Она решила позвонить в штаб с причала.
— Алло! Штаб? Скажите, вернулся лейтенант Колесников?
Но что-то пищало в трубке, щебетало, свистело. Быть может, второпях она назвала не тот номер? Потом в телефонные шумы ворвался начальственный голос, требовавший ускорить высылку на пост номер три каких-то макарон утолщенного образца.
— Пора, доктор! — сказал начальник эвакуационного отделения.
Стиснув зубы, она положила трубку на рычаг.
Если бы ей можно было не уезжать, пробыть еще день, дождаться Виктора!
Но на войне каждый выполняет свой долг. Кто бы оставил ее в Севастополе, если бы она даже знала, что Виктор вот-вот вернется? Кто разрешил бы это, когда у нее на руках транспорт, битком набитый ранеными?
Опять выбежал вперед катер, хлопотливо потащил в сторону сеть заграждения, открывая «ворота» перед кораблями. Справа по борту зачернела громада Константиновского равелина. И вот в лунном свете заискрился внешний рейд.

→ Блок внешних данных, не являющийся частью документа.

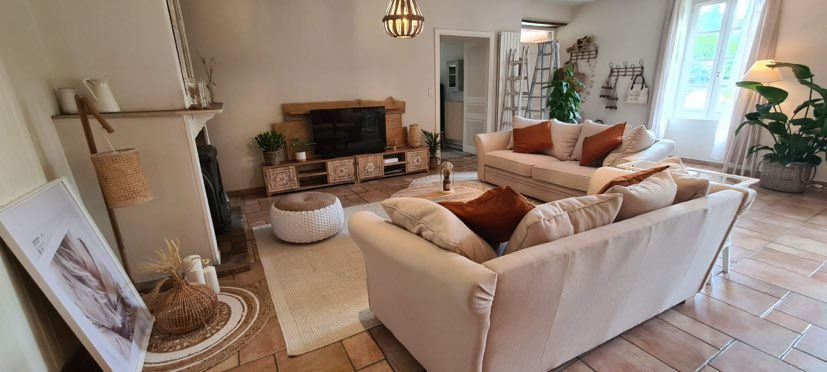 Création d’un salon convivial mêlant matières naturelles et touches bohèmes. Un intérieur doux et intemporel.

Расталкивая форштевнем воду, транспорт медленно вытягивается из гавани. Впереди и позади корабли. Идут друг за другом, как по ниточке.
Огни на кораблях погашены, иллюминаторы задраены. Только на мостике гигантским светляком висит картушка компаса под козырьком.
Все напряжены предельно, как бы оцепенели в ожидании. Пулеметчики и зенитчики, сидя на своих седлах, глаз не сводят с неба.